On this particular day the weather was calm, the skies blue, and the sun was shining. Leaving school that afternoon was fairly routine and as I started walking down the hill back home I became aware of the bully following me. He was increasing his pace to match mine in an attempt to close the gap between us. I increased my pace to stay ahead of him. He then sensed that I was on to his presence so he broke into a run to get on top of me right away. Like a gazelle I leaped into action and sprang forward, easily outpacing the bully. I didn’t make it down to the bottom of the hill. Almost, but not quite. Instead, I suddenly stopped. My fists were clenched, my body ceasing up and my eyes narrowing. I could feel my blood boiling and my body become as molten lead in that place. I stopped, stood up straight, and turned around to face the bully running at full tilt down that hill after me.

Seeing me and perhaps seeing the look on my face caught him off guard and he skidded to a stop. For a moment our eyes locked and I burned a hole straight through him with my gaze. Fear crept upon his face and in that instant he turned and started to run back up the hill. He was no match for me as I had years of outrunning bullies, winning numerous awards in track and field. I easily caught up with him, his heart racing as he was now getting out of breath. I grabbed him by his shoulders and threw him to the ground, jumping on top of his chest and pinning him to the ground, exposing only his head to my rage. In that instant the Ralphie scene from The Christmas Story was the next logical sequence of events. With murderous rage in my eyes, all the strength and power in my body was given over to my clenched fist being formed and raised above my head in celebratory glee for what was about to happen next. With the full power of a diesel locomotive my fist came tumbling down, screaming toward my bully’s face. His pupils widened in horror, his mouth open to gasp, empty of words but filled with fear.

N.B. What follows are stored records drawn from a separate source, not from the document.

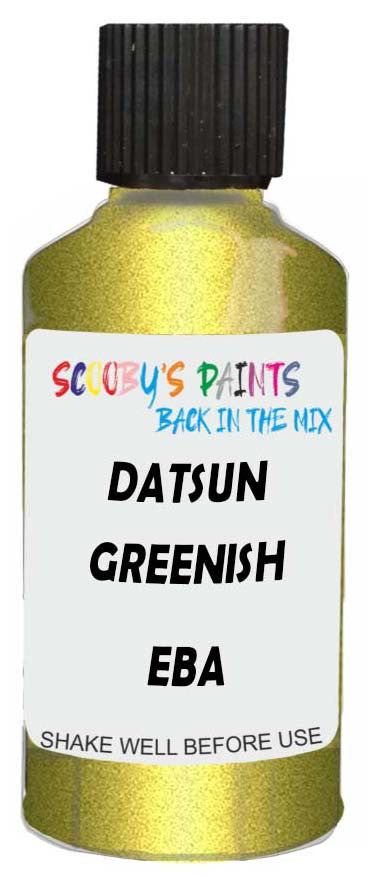 Professionally mixed touch-up paint matched to Datsun factory colour Eba – Greenish Yellow Pearl Metallic for model years 2015–2018. Ideal for repairing stone chips, light scratches and minor blemishes while helping to prevent corrosion.
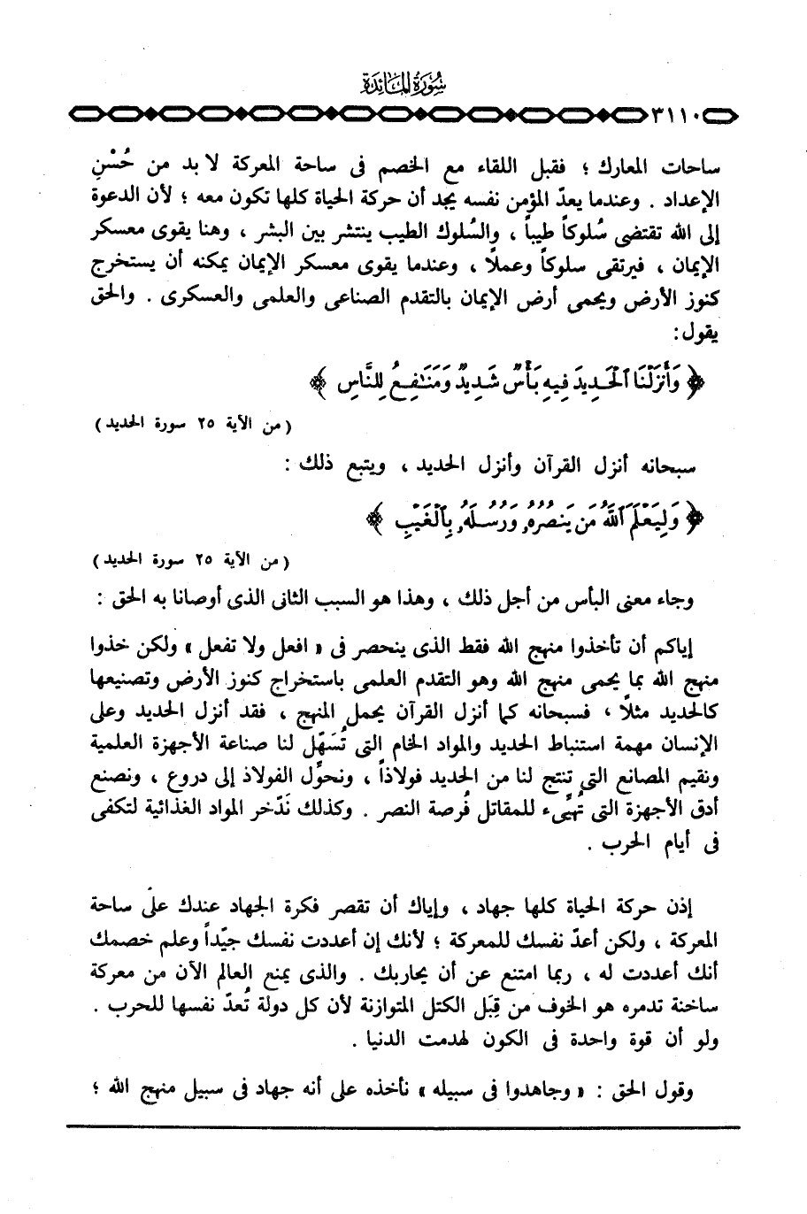 إياكم أن تأخذوا منهج الله فقط الذي ينحصر في «افعل ولا تفعل» ولكن خذوا منهج الله بما يحمي منهج الله وهو التقدم العلمي باستخراج كنوز الأرض وتصنيعها كالحديد مثلاً، فسبحانه كما أنزل القرآن يحمل المنهج، فقد أنزل الحديد وعلى الإنسان مهمة استنباط الحديد والمواد الخام التي تُسَهّل لنا صناعة الأجهزة العلمية ونقيم المصانع التي تنتج لنا من الحديد فولاذاً، ونحوِّل الفولاذ إلى دروع، ونصنع أدق الأجهزة التي تُهِّيئ للمقاتل فُرصة النصر. وكذلك نَدّخر المواد الغذائية لتكفي في أيام الحرب.
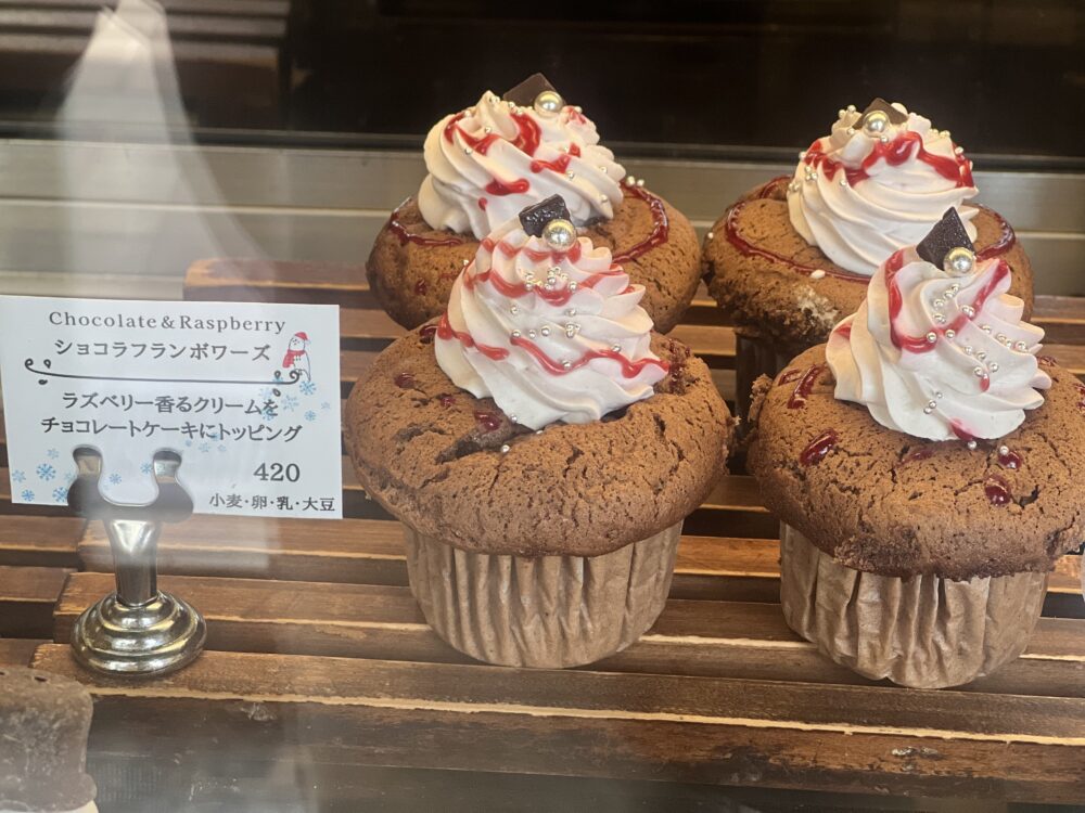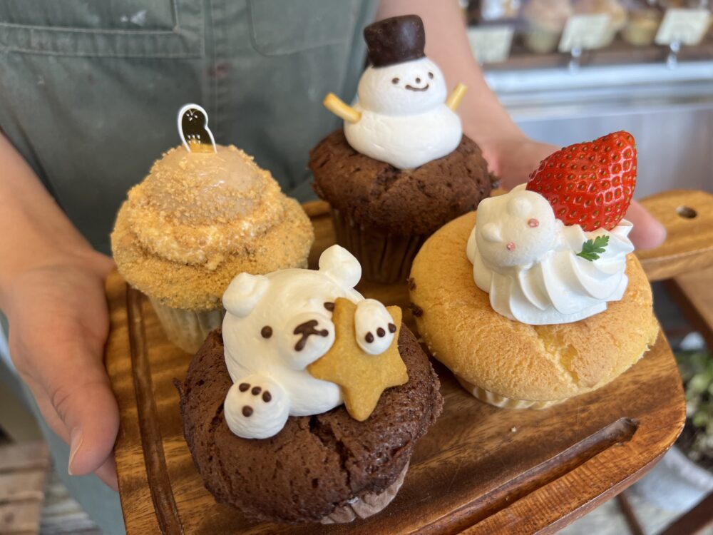 「雪だるま」と「くま」は、チョコレート味のカップケーキに生クリームがのっていました。
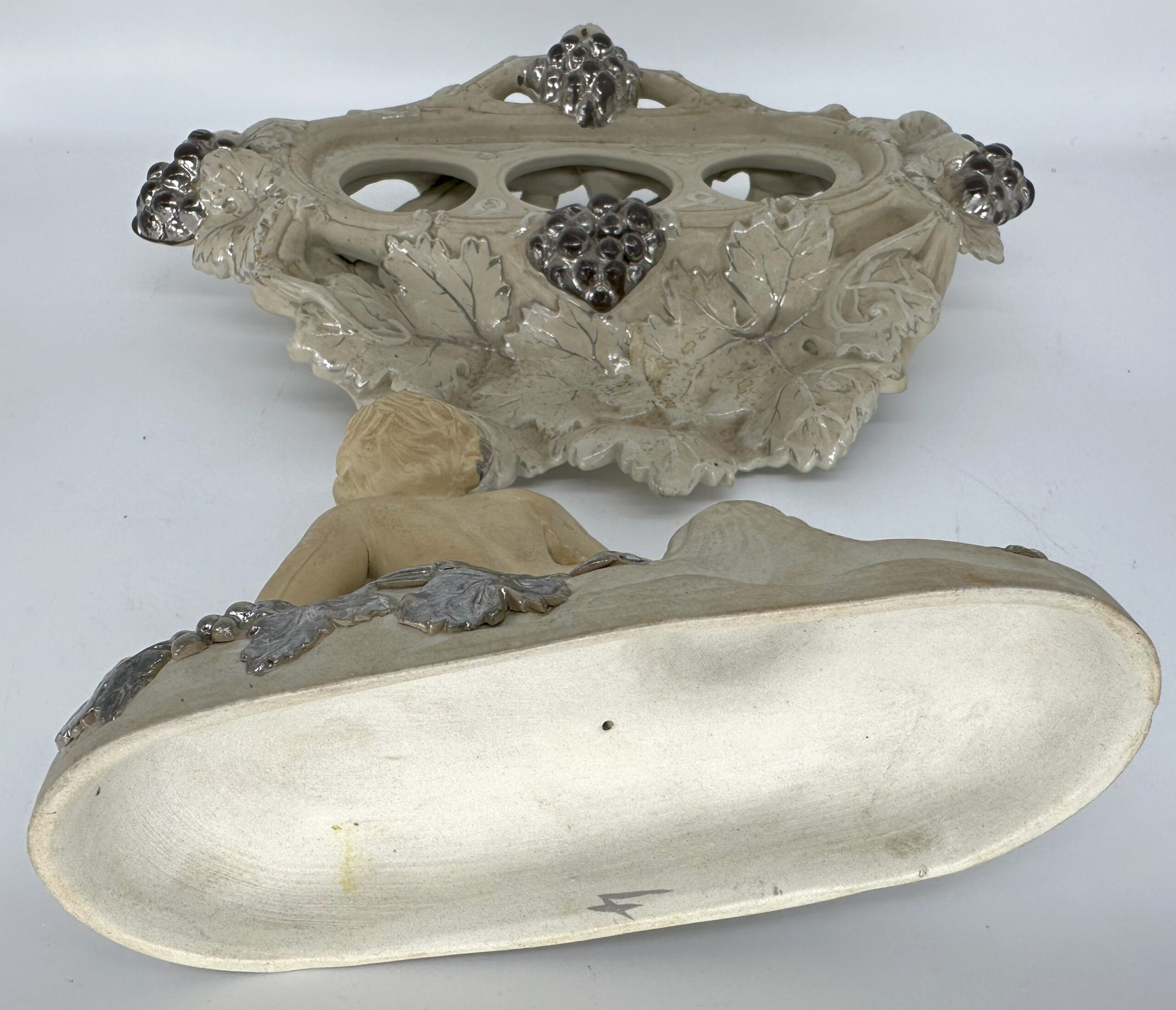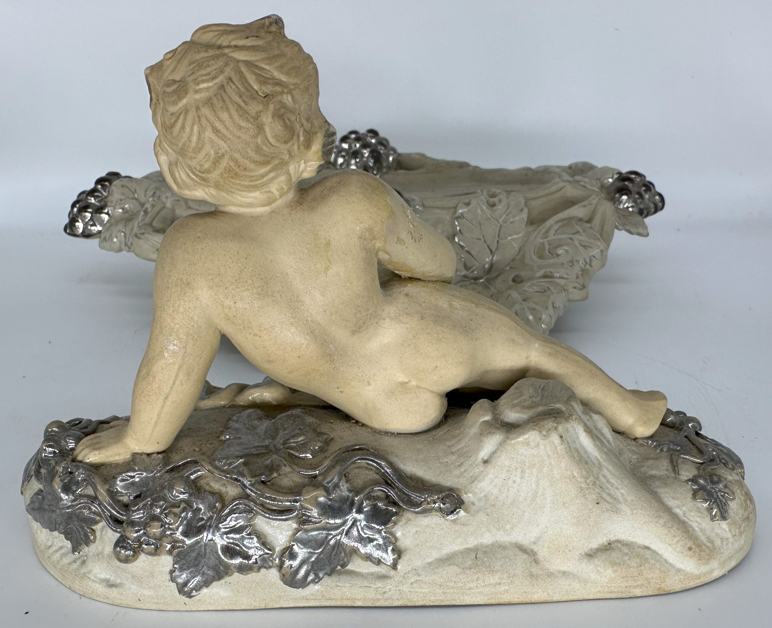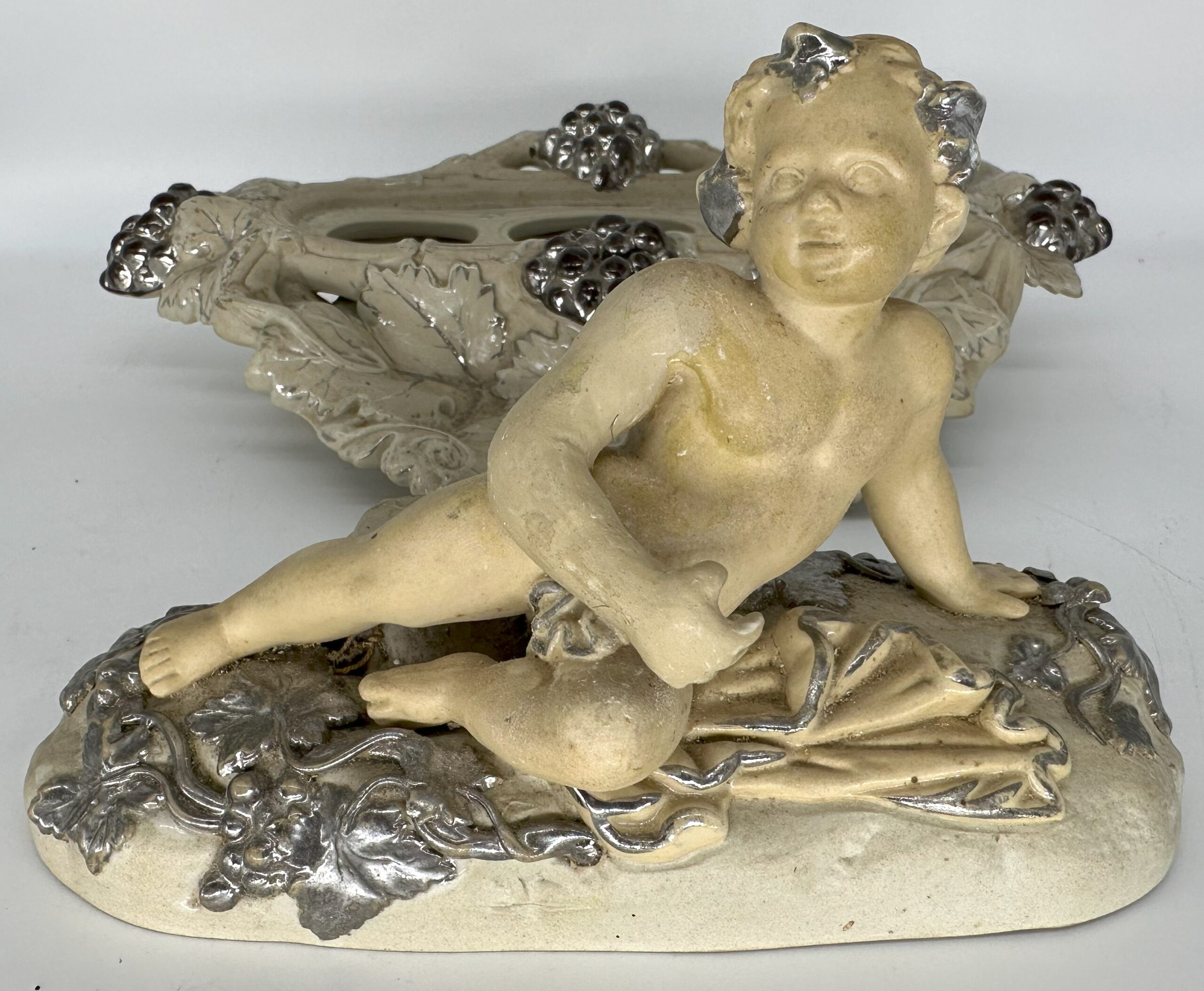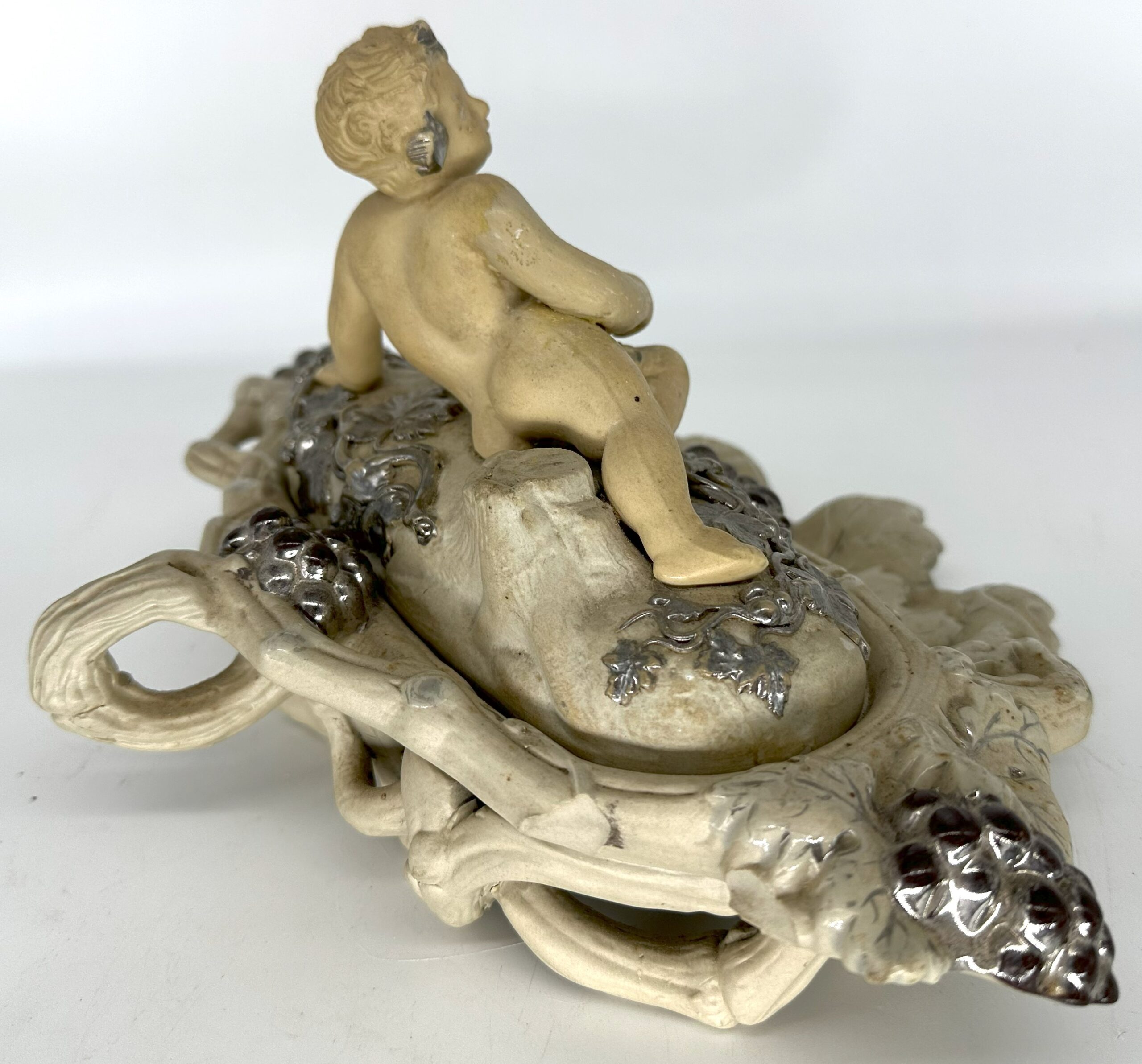 This Villeroy & Boch pottery inkstand was handcrafted in Mettlach, Germany. It features a cherub figure reclining among grapevines with silver highlights. Lift the top piece with the cherub to access a pounce pot / sander, inkwell, and open container for storage.

Then in a screaming halt my fist stopped just millimeters from the tip of his nose. I couldn’t push it any further and only the hairs on my knuckles brushed against his nostrils. My fist remained suspended there for what seemed minutes but were probably only seconds, me trying with all my physical might to make the connection and end this bully’s misery – or mine. But I couldn’t, and with disgust I pushed his shoulders against the pavement and thrust myself off of his feeble body. He scrambled backwards, tripping to get up fast enough, clawing at the asphalt to give himself grip as he ran away from me back up that hill.

That was it. I may not have smashed my hand against his skull in the physical sense, but in my mind he was dead. They were all dead. In that brief interaction I had imploded. I ceased to exist. I had enough. I had enough of my social existence. I had enough of my family existence. I had enough of my spiritual existence. I had enough of this shitty world. I hated it all. And I would now begin a dark journey to feed this anger, to appease it, to stave it off. With a new resolve I got up and started heading home, unaware of the shadows lurking around me, but not giving a shit anyway.